[Opening Information supplied section]

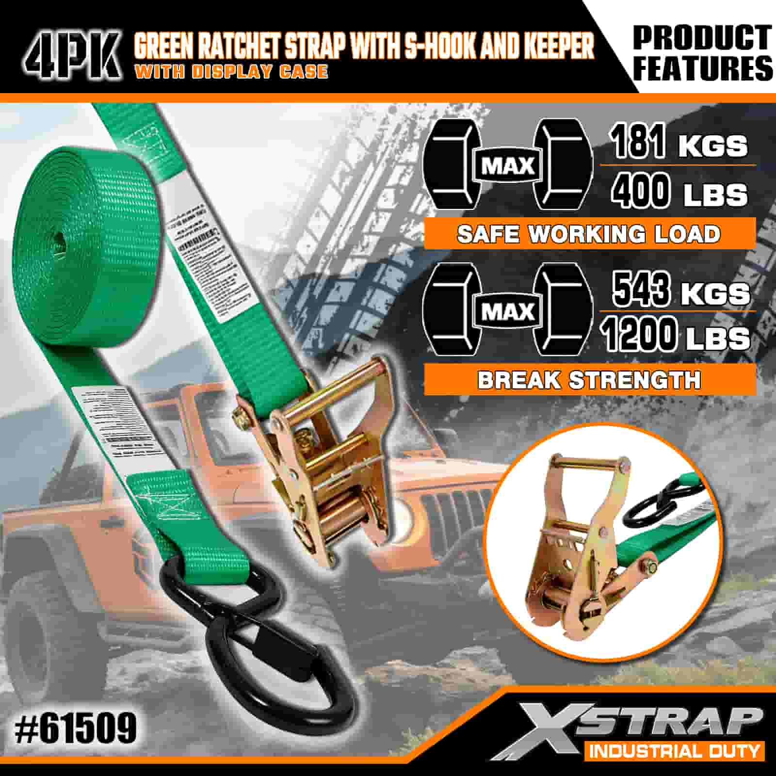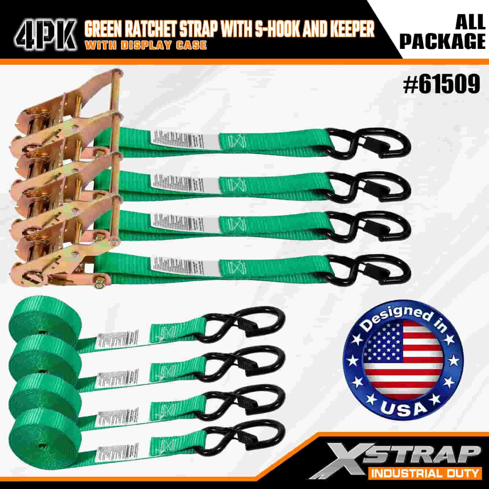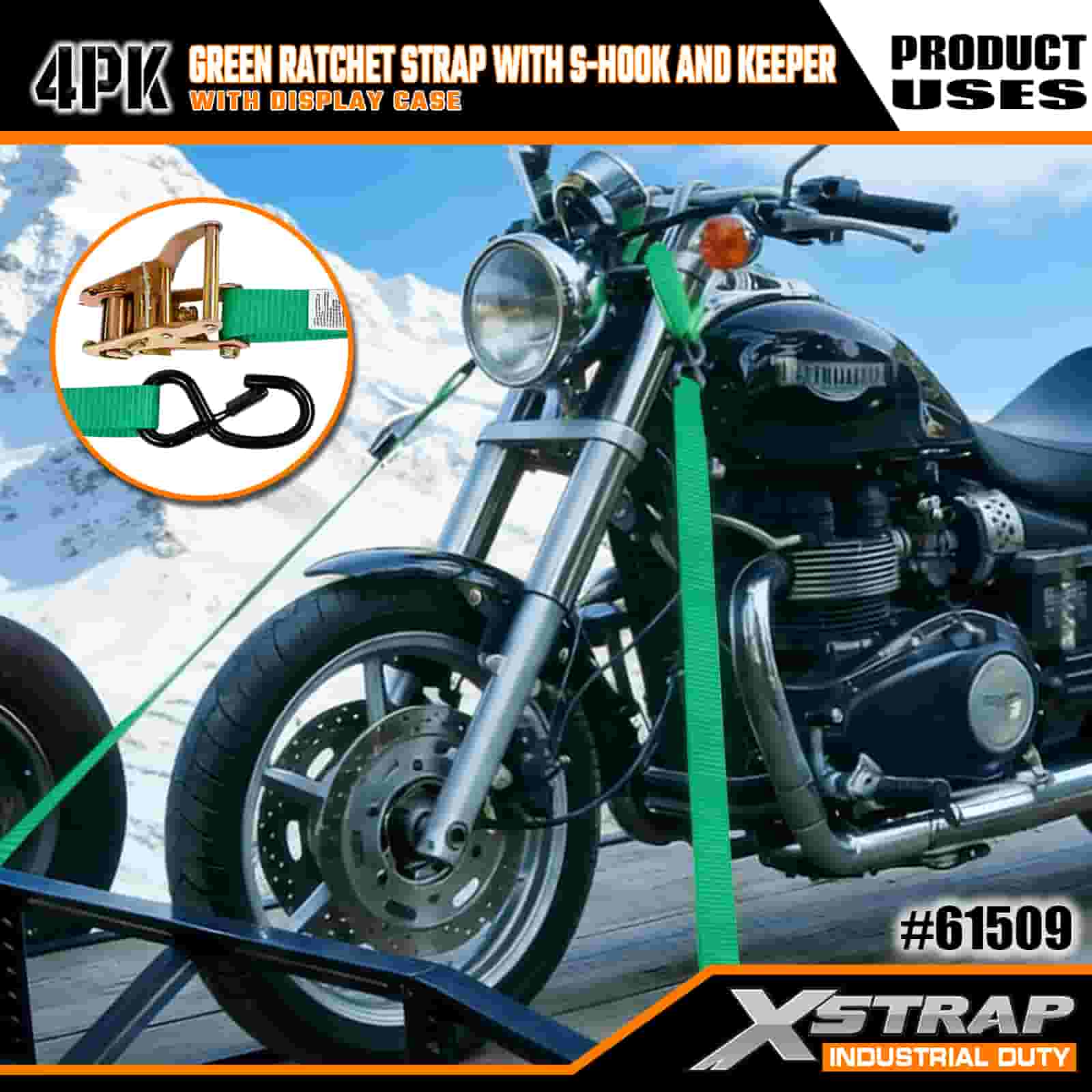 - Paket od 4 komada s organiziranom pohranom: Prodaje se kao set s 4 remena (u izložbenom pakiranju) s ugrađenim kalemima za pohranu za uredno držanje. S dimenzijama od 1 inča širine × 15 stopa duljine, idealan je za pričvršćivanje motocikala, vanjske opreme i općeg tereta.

[Closing Information supplied section]
[Opening Information supplied section]

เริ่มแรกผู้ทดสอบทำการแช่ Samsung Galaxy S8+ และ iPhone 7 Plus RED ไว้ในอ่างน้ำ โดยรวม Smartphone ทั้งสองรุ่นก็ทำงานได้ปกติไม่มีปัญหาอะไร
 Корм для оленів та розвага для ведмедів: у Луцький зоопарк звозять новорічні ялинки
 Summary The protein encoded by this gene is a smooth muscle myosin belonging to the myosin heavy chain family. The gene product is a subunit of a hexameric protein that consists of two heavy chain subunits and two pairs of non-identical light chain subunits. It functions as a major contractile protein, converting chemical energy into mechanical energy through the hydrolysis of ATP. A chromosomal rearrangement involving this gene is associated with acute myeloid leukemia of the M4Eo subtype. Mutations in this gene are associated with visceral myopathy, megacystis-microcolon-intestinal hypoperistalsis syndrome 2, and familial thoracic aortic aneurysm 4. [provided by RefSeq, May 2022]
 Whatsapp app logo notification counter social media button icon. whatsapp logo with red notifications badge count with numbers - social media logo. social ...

[Closing Information supplied section]
[Opening Information supplied section]

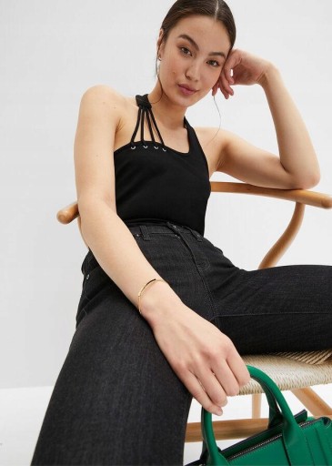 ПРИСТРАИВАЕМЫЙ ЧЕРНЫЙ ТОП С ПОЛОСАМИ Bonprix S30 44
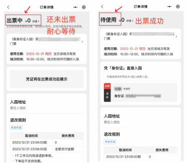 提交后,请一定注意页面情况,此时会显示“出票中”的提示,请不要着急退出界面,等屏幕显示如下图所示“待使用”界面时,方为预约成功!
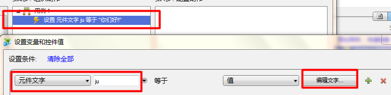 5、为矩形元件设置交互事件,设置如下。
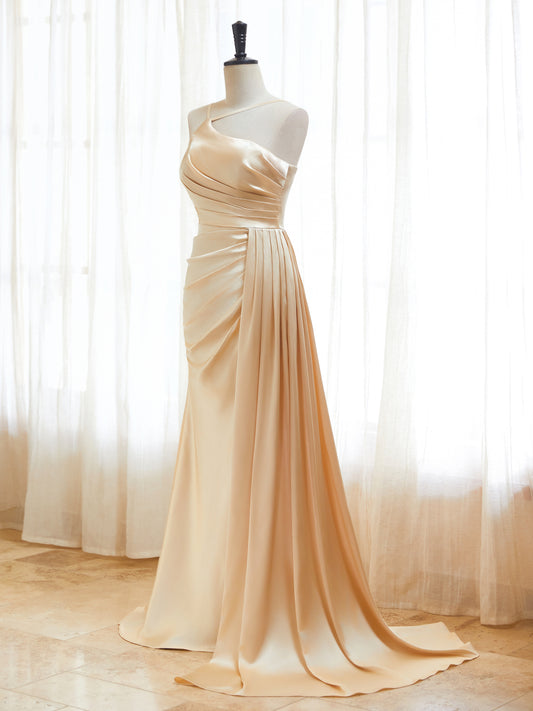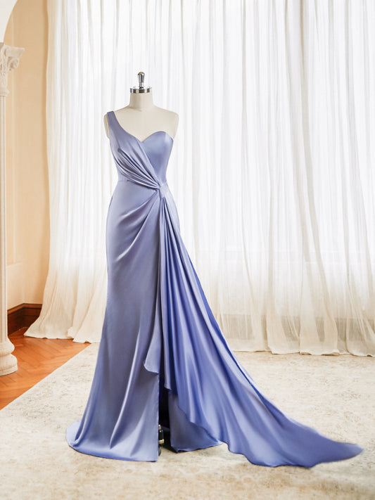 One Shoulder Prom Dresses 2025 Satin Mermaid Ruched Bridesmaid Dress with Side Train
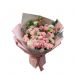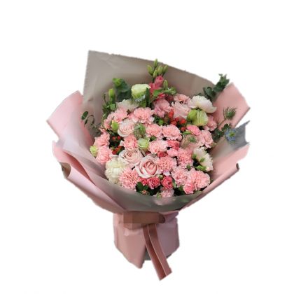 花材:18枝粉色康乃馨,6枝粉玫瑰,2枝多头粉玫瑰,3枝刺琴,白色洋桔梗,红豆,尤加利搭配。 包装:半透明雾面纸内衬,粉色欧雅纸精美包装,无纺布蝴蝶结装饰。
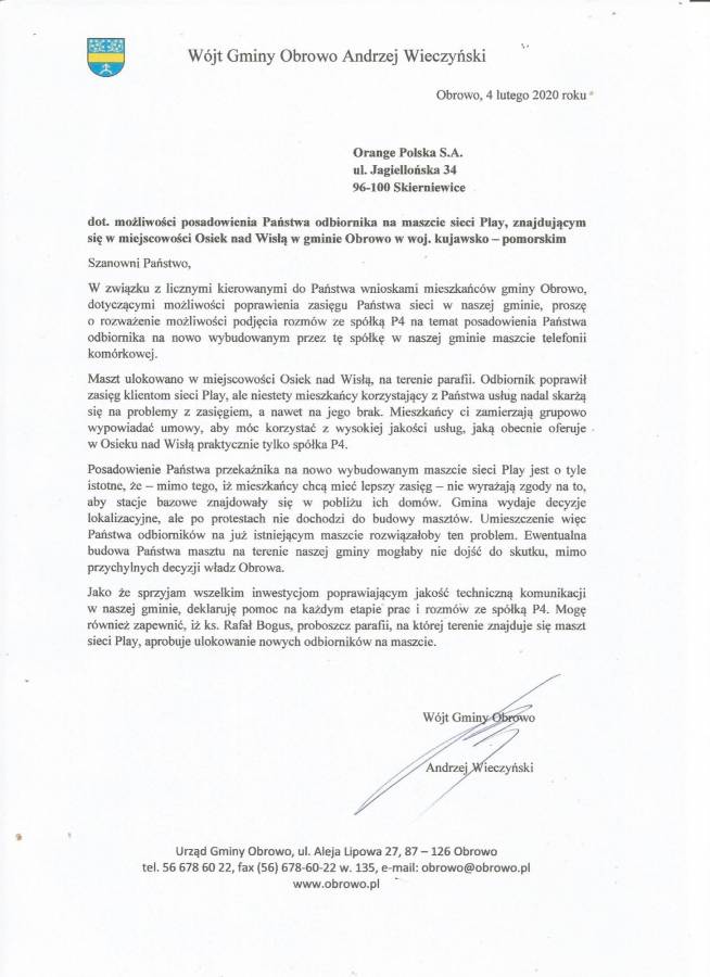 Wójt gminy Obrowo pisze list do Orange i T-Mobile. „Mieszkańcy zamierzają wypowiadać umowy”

[Closing Information supplied section]

= Your task =
From the listing above, please give again the lines that begin with the line holding "5、为矩形元件设置交互事件,设置如下。" and go on through the line holding "Wójt gminy Obrowo", exactly, both ends included, minus any picture.

= Task result =
 5、为矩形元件设置交互事件,设置如下。
 One Shoulder Prom Dresses 2025 Satin Mermaid Ruched Bridesmaid Dress with Side Train
 花材:18枝粉色康乃馨,6枝粉玫瑰,2枝多头粉玫瑰,3枝刺琴,白色洋桔梗,红豆,尤加利搭配。 包装:半透明雾面纸内衬,粉色欧雅纸精美包装,无纺布蝴蝶结装饰。
 Wójt gminy Obrowo pisze list do Orange i T-Mobile. „Mieszkańcy zamierzają wypowiadać umowy”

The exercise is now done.